His words also capture something larger: the fact that the American Dream has turned into a nightmare for millions of middle-class families. Ben Hallman's reporting, which takes him to the foreclosure-ravaged Lehigh Acres neighborhood, captures not only the weakness and resulting fear, but also the hope -- the hope that the Italian journalist Luigi Barzini must have been thinking of when he once described America as "alarmingly optimistic."

In his report, Ben captures the lives and hopes of several Floridians whose quests for the American Dream have started and ended in vastly different places. Outside Orlando, two hours by car from Eliseo Orasco's yellow house with white trim, lies the world's largest retirement community, the Villages, with 88,000 residents. Here, in stark contrast to the blight of foreclosure, bulldozers clear land for yet more housing construction and residents navigate the pristine grounds in golf carts.
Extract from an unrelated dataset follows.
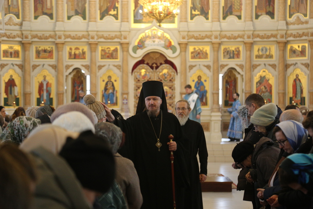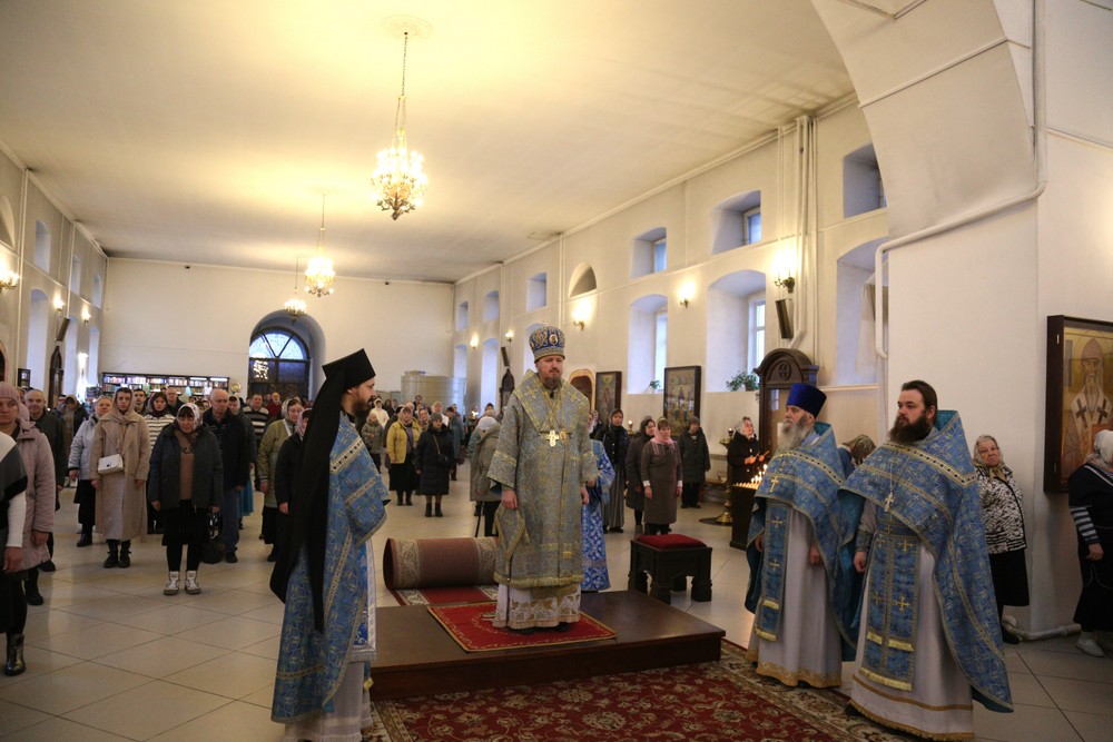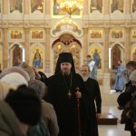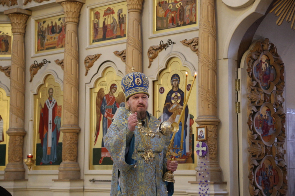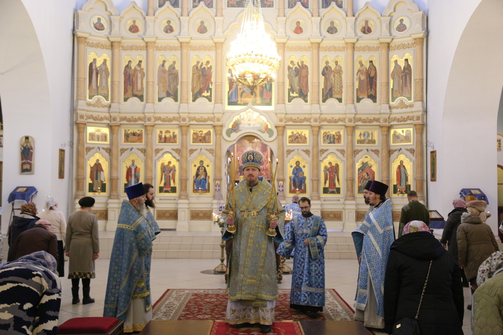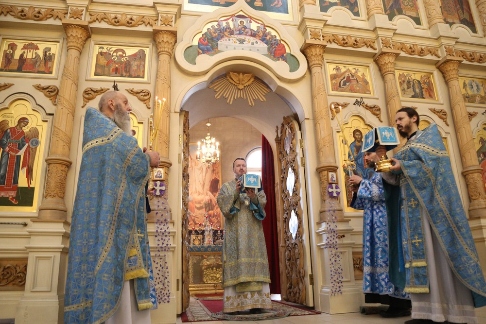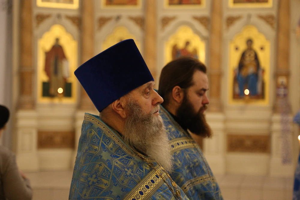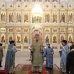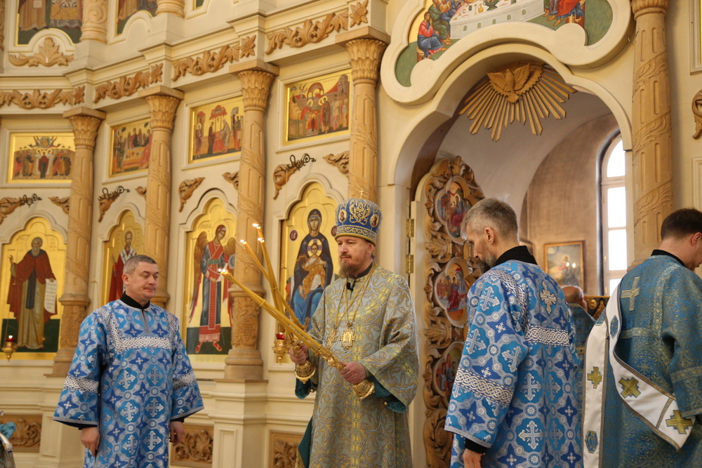 Его Преосвященству сослужили клирики собора: иеромонах Питирим (Сухов), священник Виктор Кончаков, священник Владимир Васильев, священник Сергий Растрёпин, диакон Сергий Демидов и диакон Алексий Сайганов.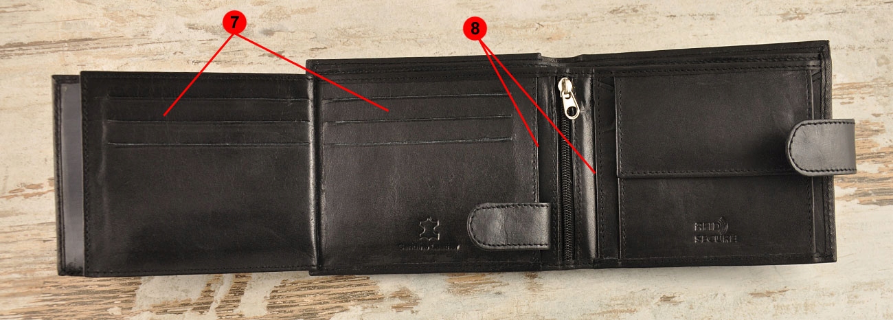 8 - два отделения для свидетельств о регистрации автомобиля в обложках, визиток и т.п.

The telling statistics are not boom-and-bust home sale prices but amenities: 95 restaurants, 63 swimming pools, 513 holes of golf.

It's a story about much more than some people doing better than others. In the course of his interviews, Ben examines the economic gulf that increasingly separates the old from the young, putting flesh and blood on what one economist calls a coming "demographic train wreck." As the number of elderly Floridians increases, with those over 85 emerging as the fastest-growing group, state leaders are slashing billions from the public education budget, and opportunities for young people -- like Dennis Hebert, an unemployed 26-year-old who for a time had to move his wife and young son into their car -- are dwindling. Forty percent of Florida's recent college graduates are unable to find work in the state -- a dilemma that's affecting young people in all parts of the country. As William Collon, a 75-year-old Villages resident, puts it: "The retired folks around here have done just fine. It's the young people who got in trouble."

When I wrote Third World America in 2010, my goal was to help "sound the alarm" so we'd able to course-correct while there was still time. Two years later, it is now more urgent than ever to continue sounding the alarm the way Ben Hallman has so powerfully done.